Based on your interest in math, note that The Princeton Review suggests colleges for this field across a fair range of selectivity in its sampling “Great Schools for Mathematics Majors” (Harvey Mudd, MIT, UChicago, Caltech, Haverford, Harvard, Hamilton, Bowdoin, Reed, Rice, Carleton, Grinnell, Macalester, URochester, St. Olaf . . .). You might notice the promising similarity to your current group of choices.

Definitely too many reach schools. In fact, every one is a reach or a high reach. Not a single one is even a target school, much less a safety.

Of your list, 7 have single digit acceptance rates, 5 have acceptance rates in the teens, and 1 has acceptance rate of 20%. Acceptance rates of international students are even lower than that. For example, in 2018, MIT only accepted 2.4% of the international students who applied. By 2020, when you apply, that is likely going to be lower.

If you apply to only these schools as an international student, you are extremely likely to be rejected by all of them. You will almost certainly be rejected by Harvard, Stanford, MIT, Caltech, Princeton, Yale, and UChicago. Your chances at being accepted to the rest are only slightly better.

You need to do more research on colleges, and you need to look at the acceptance rates for international students. If you were an American, you would stand a good chance in some of them, but applying to CS at Harvard, Stanford, MIT, Caltech, Princeton, Yale, or UChicago is like buying a lottery ticket, even for USA students with the very best stats.

Furthermore, can your parents afford the $300,000 cost of attendance at any of these schools? Financial aid for international students is very limited.

I’m hoping I’ll get significant financial aid if I get selected to one of these universities since my parents’ annual income is less than $50k. I haven’t added universities with lower acceptance rates since they usually don’t have decent financial aid for international students. If I don’t get accepted to any of them, I can always apply to national universities.

As others have noted, you have zero safety schools. As you have noted, you need substantial financial aid so you are looking for those schools that give that, which amounts to highly selective schools.

Well, you’ve done the easy part of looking for schools. For the most part, the most selective schools, the ones that appear on easy to find lists, with high name recognition, are the schools that tend to give the most financial aid. But theyvsrr skdi the ones that have low admission rates. No one is guaranteed to get into these schools, and if you are a needy international student, the chances are even lower. Too many of such students, so many that only a handful of colleges meet full need AND look at international student applications on a need blind basis.

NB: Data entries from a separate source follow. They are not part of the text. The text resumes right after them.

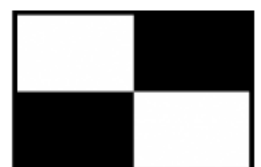
Surfing area No swimming
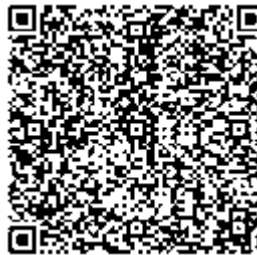
QR code St Peter's
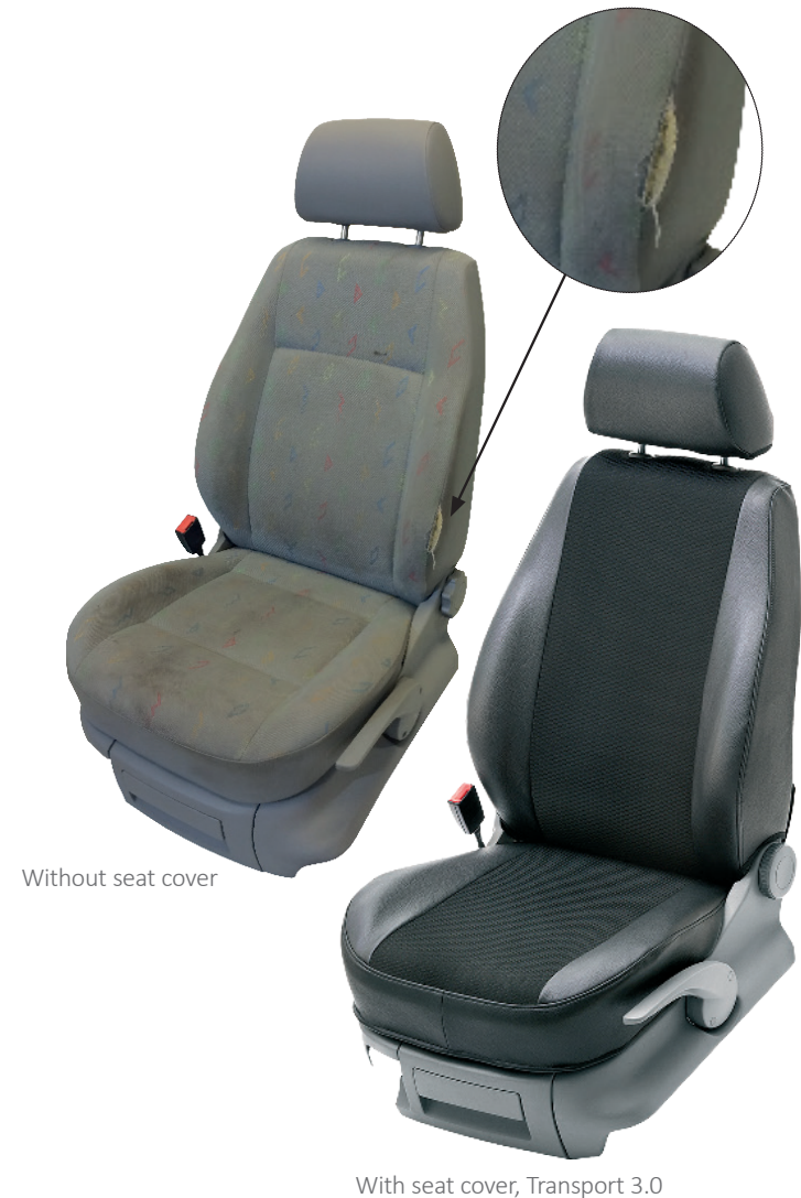
Without seat cover
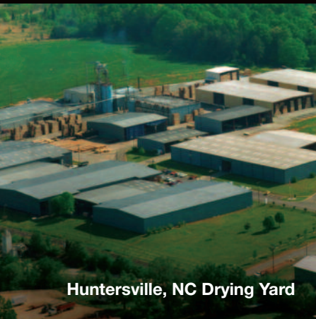
Huntersville, NC Drying Yard
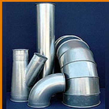
Kitchen Gas Tank Fitting
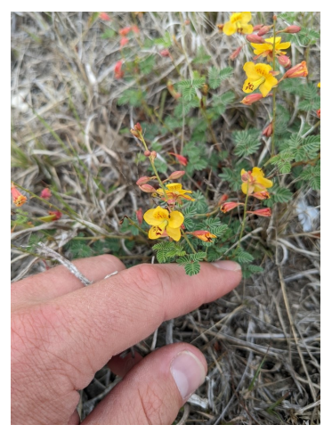
Drummond's Rushpea

The City Nature Challenge is organized by the Natural History Museum of Los Angeles County and the California Academy of Sciences. More information at citynaturechallenge.org
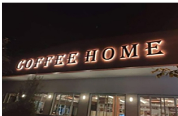
COFFEE HOME CONNAUGHT PLACE
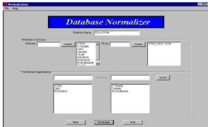
Fig. 1: Input relation example

Normalize Button: Used to perform normalization and generate the result of the normalization process.
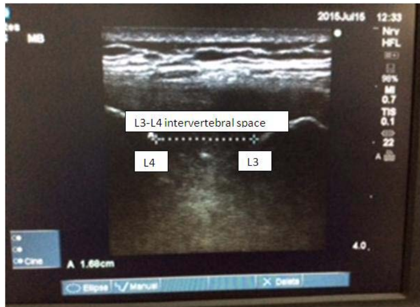
Figure 1: The ultrasound estimation of the intervertebral distance using Sonosite™ (M Turbo 2008-01, USA) showing the vertebral spines at L3-L4 vertebrae

by two horizontal lines using an invisible ultraviolet marker, and the L3-L4 IVS was defined as the distance between the marks. The midpoint of the two lines was taken as the reference point (“Point M”) from which the point identified by the palpation method was measured and compared.
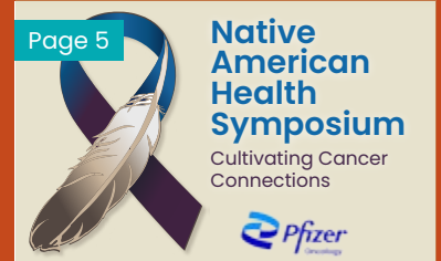
Save the date: Native American Health Symposium
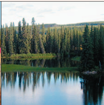
Walk to Lake for Fishing, Bird & Wildlife Viewing
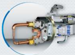
MFDC / 變頻直流
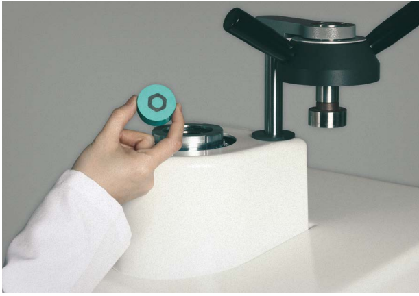
Consistent results with programmable parameters
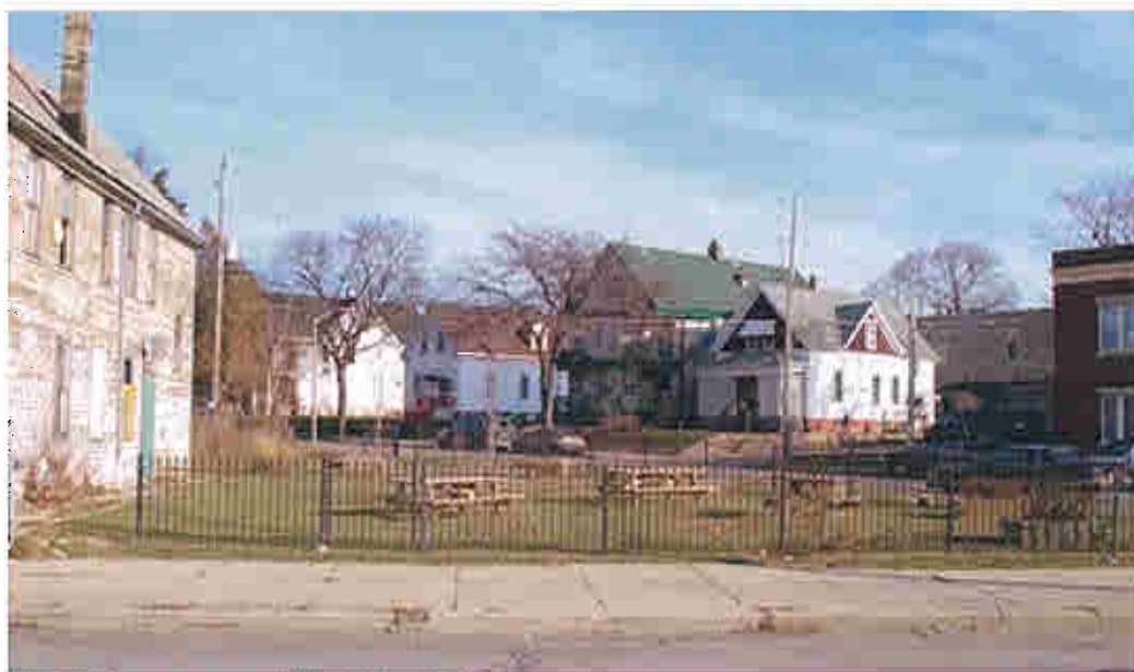
This vacant lot (3900 West Lisbon Avenue) is the easternmost parcel of the Development Site.
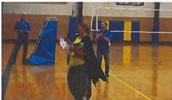
Award presentations at the Pep Rally.
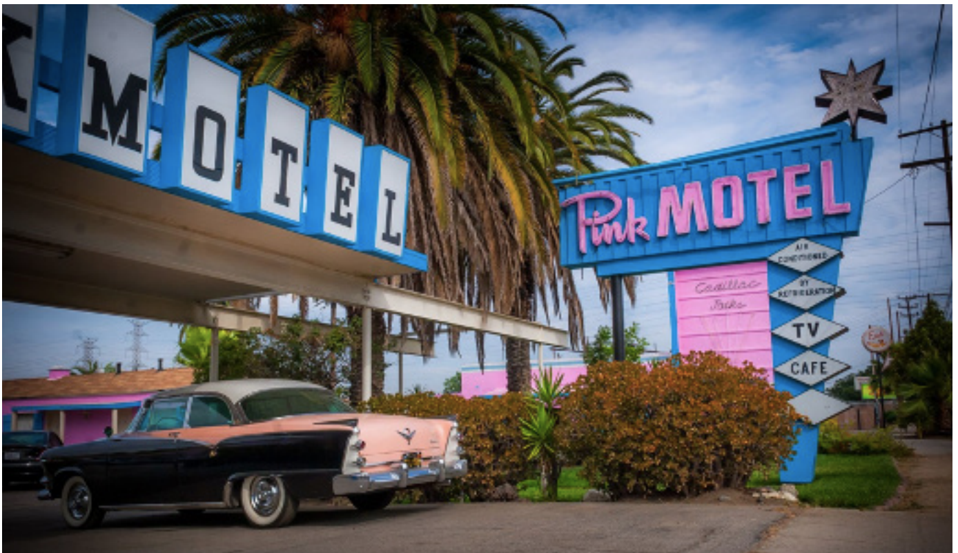
The Pink Motel.

Despite its difficulties, Sun Valley boasts a number of attractive features and landmarks. The Pink Motel, a retro 50s-style motel built in 1946, is an eye-catching roadside attraction off San Fernando Road. The motel has been featured in a number of movies and TV shows, including Netflix’s GLOW , Dexter , Drive , The O.C. , and Westworld . In La Tuna Canyon, the Theodore Payne Foundation for Wild Flowers and Native Plants serves as a nursery and gallery that features and fosters education around California native plant life. For those interested in architecture, the Stonehurst Recreation Center Building is an example of stonemason Daniel Lawrence Montelongo’s 1920s construction on what is now known as the Stonehurst Historic Preservation Overlay Zone—a neighborhood of 92 homes built out of local river rock. The Community building was saved from demolition when local residents petitioned to have it designated a historical landmark in 1977. And for hikers, the 2.25 mile La Tuna Canyon Trail ascends 975 feet and offers beautiful views of the San Fernando Valley and the San Gabriel Mountains.

So now you need to do the most difficult part of college search of all. You need to find schools that have low cost, very low costs, and that have merit money. These schools are sometimes willing to pay the money for high test scores to give their academic stats a boost and bring in some top flight students. These schools are not going to be on easy to find lists. You need to really hint for them. Schools like East Mexico State, Chadron state, Mississippi Valley, Minot. Look at the historical black colleges. They take students ofcdvery color and some have great scholarships there. You have to dig and hunt for these schools. The lists change so drastically each year as does the funding so It’s a fresh hunt each admission and there is competition for those dollars too.

Many US students are unwilling to make the drastic change, travel the distances to these unknown school destinations. But you have already made that jump in deciding to try to come to a whole other country. So, include some of these schools that are not that far away proportionately, from the distances you are going to have to travel , and look at these options as well.